What an AI needs to be taught before it can work in quiz bowl:
- Pyramidality, and more generally the importance of position in the question of the clue.
- You would have to train it to identify "interesting" clues. A teaching dataset for that would be a nightmare to produce.
- Identification of what facts at its disposal are uniquely identifying versus other clues that eliminate some possible answers based on what's possible at each point in the question.
- Over the course of questions on the same answer, it needs to recognize clues that the question must go through to make sense to the player, and choose clues in a manner similar to that of people, meaning its selection must resemble human choices. If it chooses to include an obscure clue preferentially, or if it tries to use clues an equal number of times it will bend the distribution.
- It needs to be trained on quiz bowl questions, the difference between quiz bowl questions and other forms of communication it has been trained on, and the differences between different forms of quiz bowl questions. And as it's doing that, it almost has to be untrained in other forms of communication to prevent it from doing things like including the answer in the question, or the easy clues before the hard.
- Because it is pulling from a much larger set of training data, it needs to give the editor all of its sources used to create its work. The editor has to understand not only what it is saying (meaning it has to be a logical and grammatically correct construction), but it has to be able to open its sources and allow an editor access so that the editor can follow the inferences it made in writing the question, to see if it's missed alternate answers and possibilities within the question. It can't be allowed to be its own editor and fact-checker. While it would be able to note how it found each clue, and the context, for it to be a competent writer, it has to consider at each clue of the question whether alternate answers are possible. That would require running its logic against a much larger database, and seeing where ambiguity could exist. That problem is much harder than simply writing a question from facts, and I don't think that an AI can earn enough trust in its methods that an editor will not examine every statement it makes.

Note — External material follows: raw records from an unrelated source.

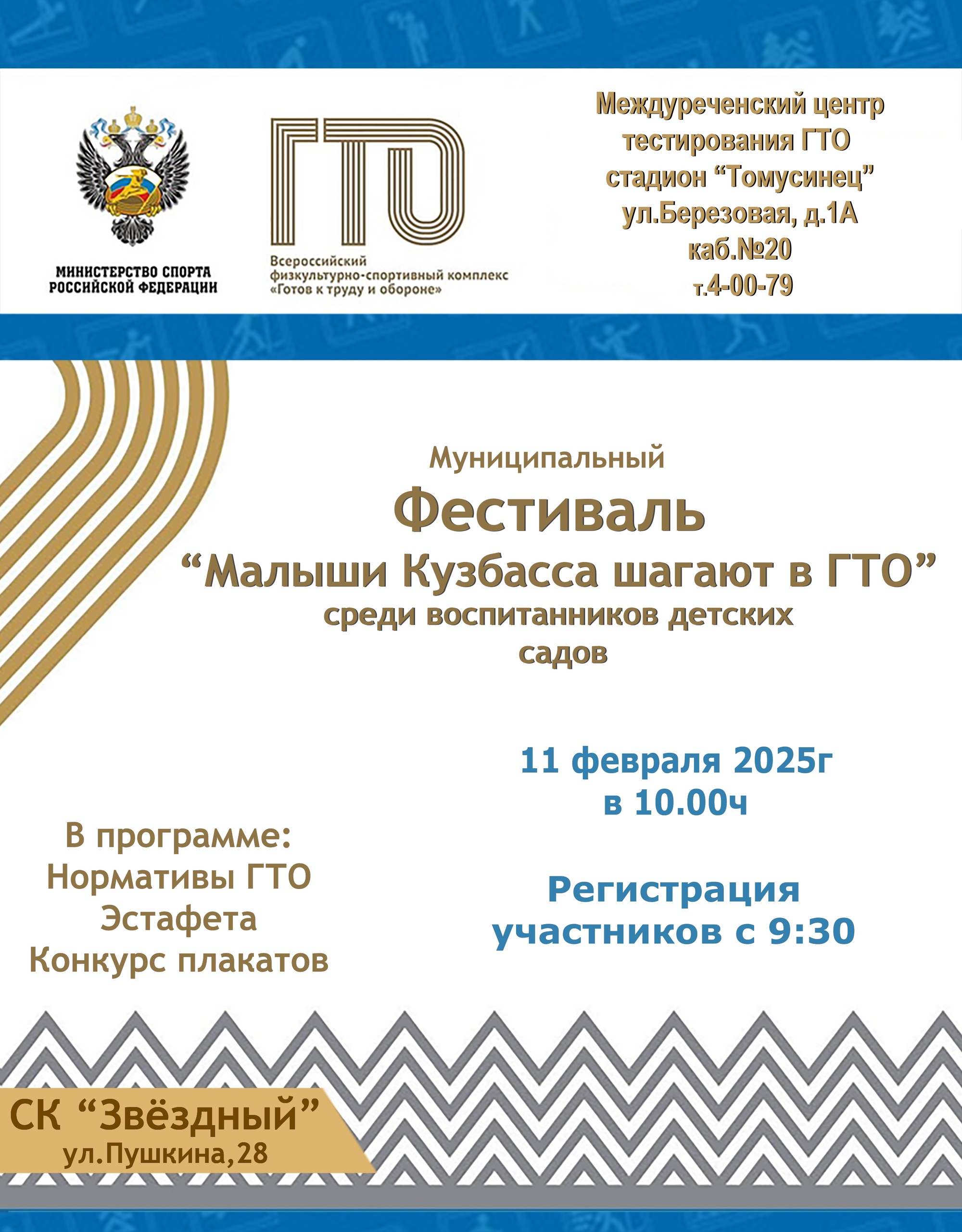 11 февраля 2025 года в 10.00 в спортивном зале СК «Звёздный» состоится муниципальный фестиваль ВФСК ГТО «Малыши Кузбасса шагают в ГТО!» среди воспитанников междуреченских детских садов и их родителей.
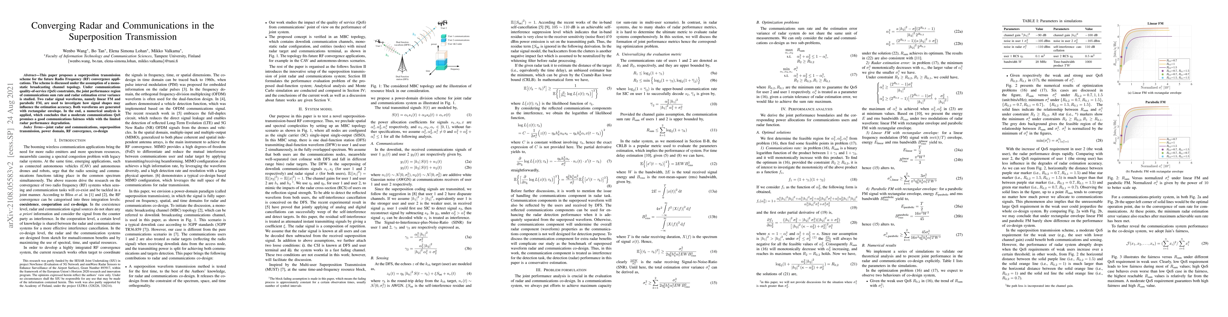 This paper proposes a superposition transmission scheme for the future Radio Frequency (RF) convergence applications. The scheme is discussed under the assumption of a mono-static broadcasting channel topology. Under communications quality-of-service (QoS) constraints, the joint performance region of communications sum rate and radar estimation error variance is studied. Two radar signal waveforms, namely linear FM and parabolic FM, are used to investigate how signal shapes may influence the estimation accuracy. Both waveforms are generated with rectangular envelope. In the end, a numerical analysis is applied, which concludes that a moderate communications QoS promises a good communications fairness while with the limited radar performance degradation.
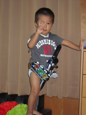 ヒーローものが大大大好きなので、最近始まった「仮面ライダーオーズ」のおもちゃを。「大きくなったら、何になりますか?」という質問に、ビデオカメラに向かって『「仮面ライダーオーズ!!!!』と気合入れて答えてくれました。
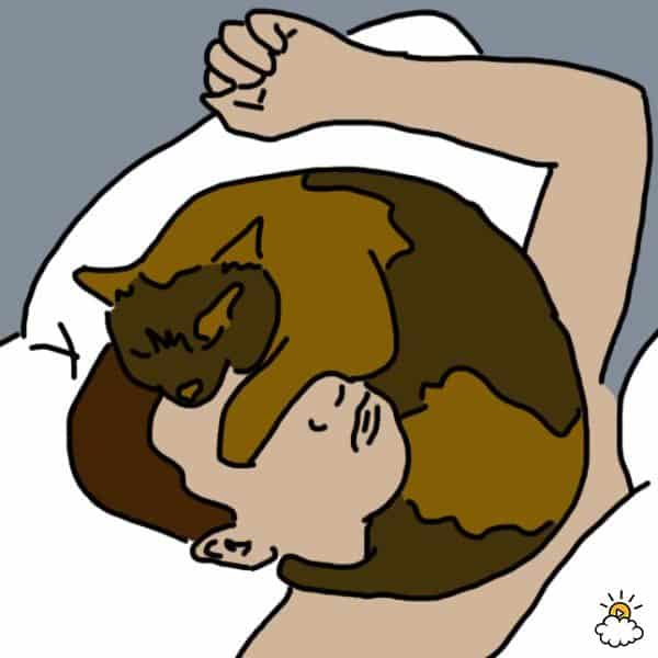 Si votre chat aime s’allonger sur votre ventre et poser sa tête près de la vôtre, cela signifie que vous êtes très proches l’un de l’autre et partagez une relation fusionnelle.
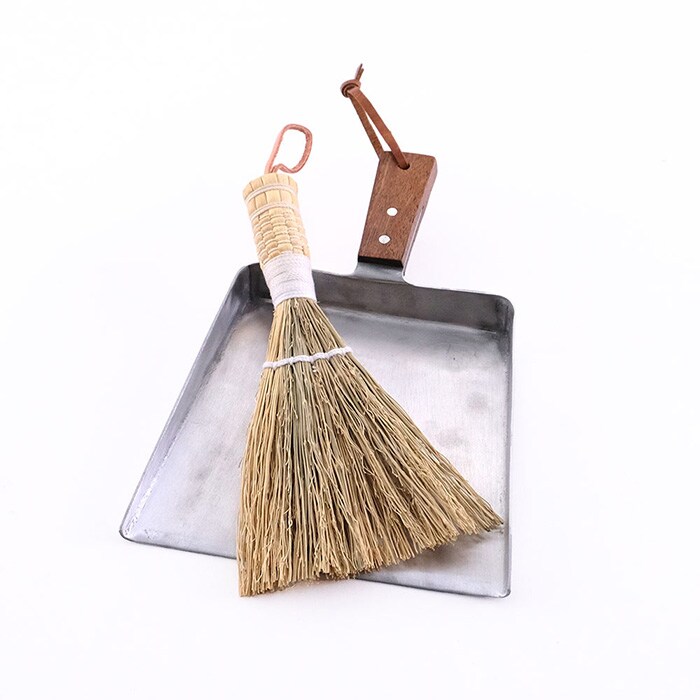 レザーの紐付き。ほうきと一緒にかけて収納でき、出しっぱなしにしていてもインテリアとして様になる佇まいです。
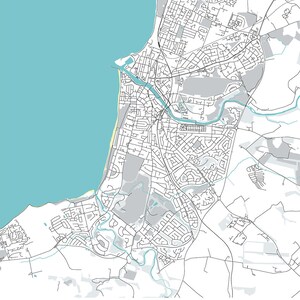 Modern Town Map of Ayr, Scotland: Town Centre, Ayr Beach, River Ayr ...
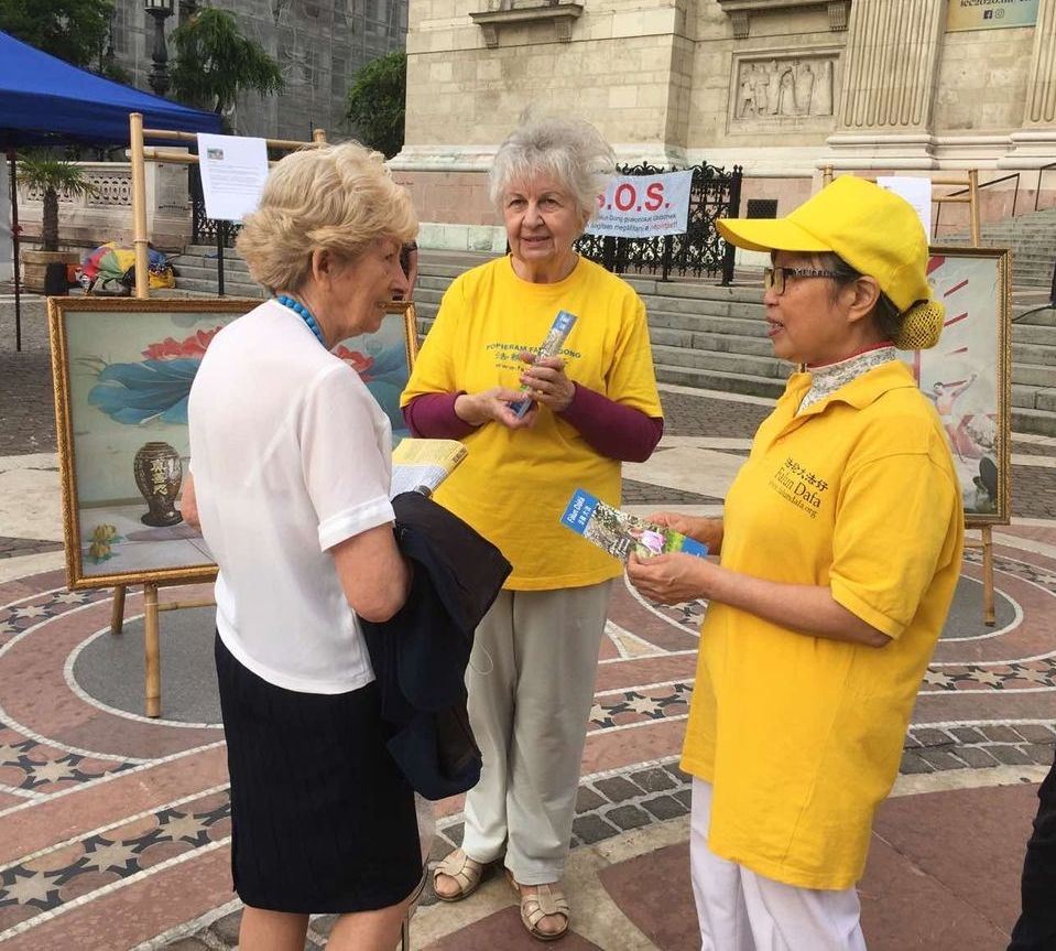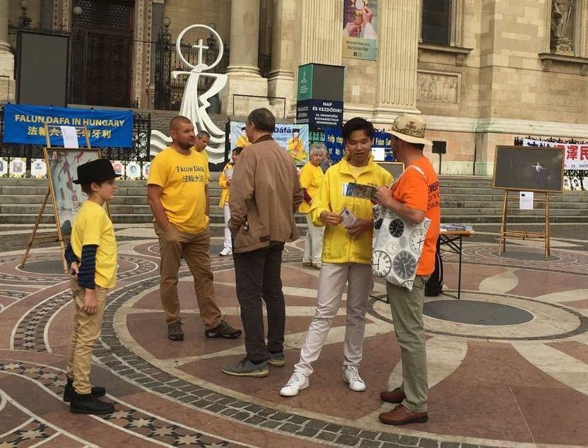 一个叫本斯(Bence)的男孩说:“我很幸运能遇到这样的活动。因为我很少来布达佩斯”。他对炼功非常感兴趣,说自己好象经常坐在莲花座上。他说:“迫害是不可接受的。我很高兴签请愿书,非常赞成你们的做法,会给所有善良的人们带来好运的。”
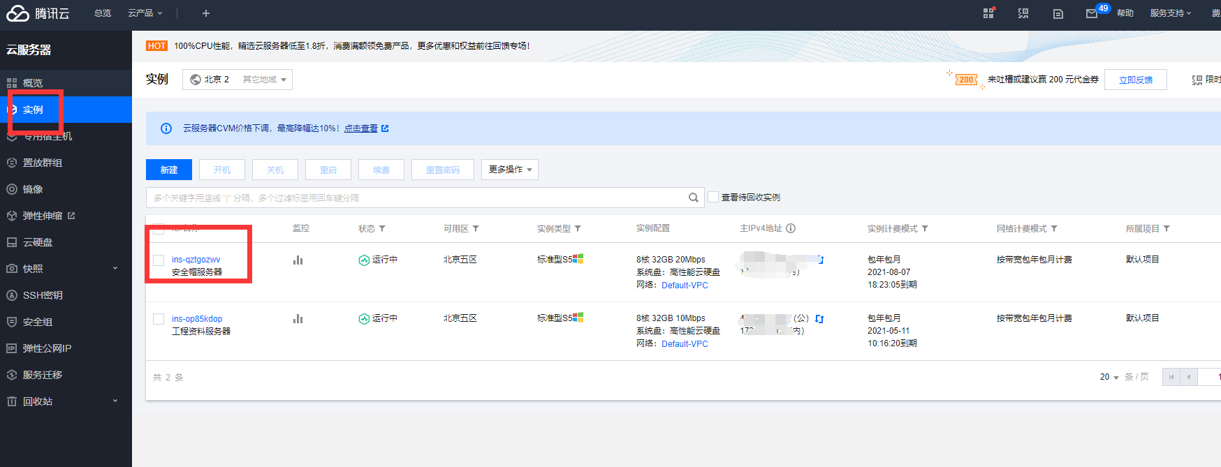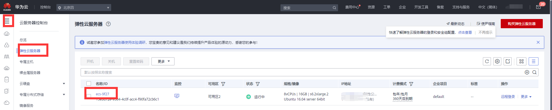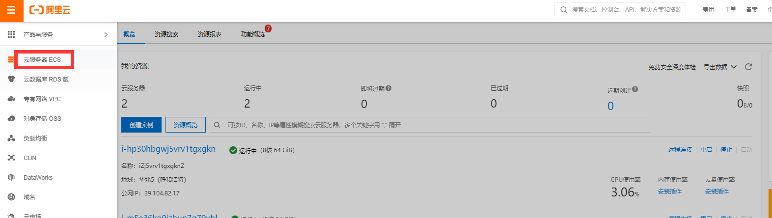 同样登录后找到控制台界面,然后在弹出的资源实例列表中点击对应的服务器实例名称
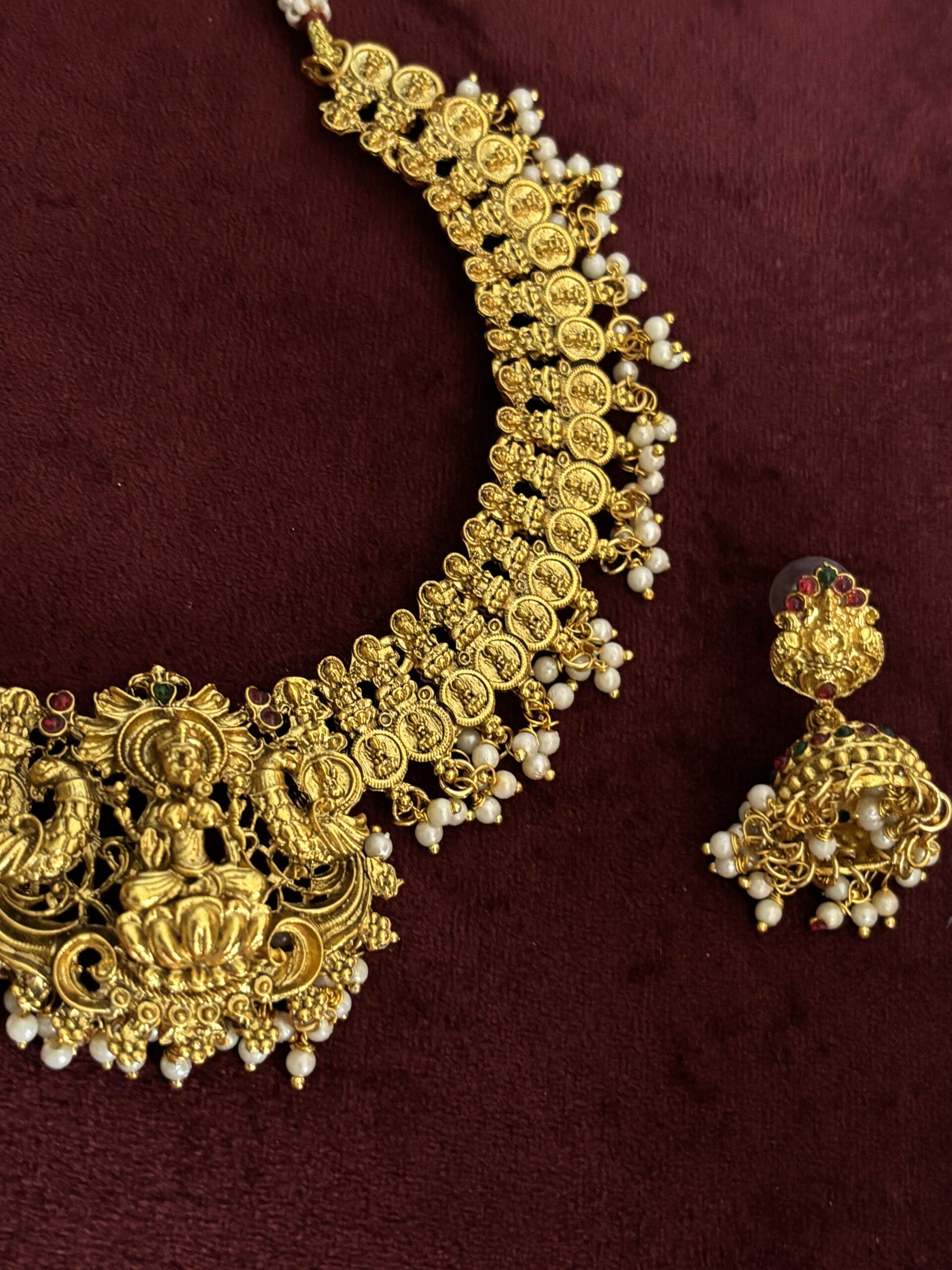 A grand temple-style necklace adorned with intricate coin motifs and a beautifully carved Lakshmi pendant. Finished with pearl droplets and paired with matching jhumkas, this set adds a rich and traditional touch to any festive or wedding look.GTT0045
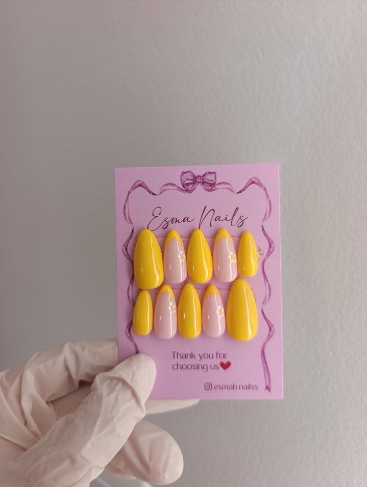 Pastel sarı ve ten rengi jel takma tırnaklardan oluşan, farklı boyutlarda kolay uygulama sağlayan set. Parlak ve pürüzsüz yüzeye sahip.

I do believe that an AI could do some of the job suggesting clues that my co-writing application would have offered, but I still see the editor having difficulty trusting even an AI co-writer's research. And there we see the problem. Even if the writer's time is reduced, the editor's time is probably increased, and because there are fewer editors than writers in most organizations, this increases the bottleneck it's trying to remove. Editors will be the biggest bottleneck to any sort of adoption of scripting, AI co-writing, or full automation.
Scripting and automation serve a purpose, and can be used to extend the supply of questions, and because they have to rely on a simpler list of sources than an AI can do with its training set, they have less to prove in creating utility. It's possible for an AI to reach that utility, but I don't know if there's enough editors willing to invest their time into improving a process that may not be faster than what they have now.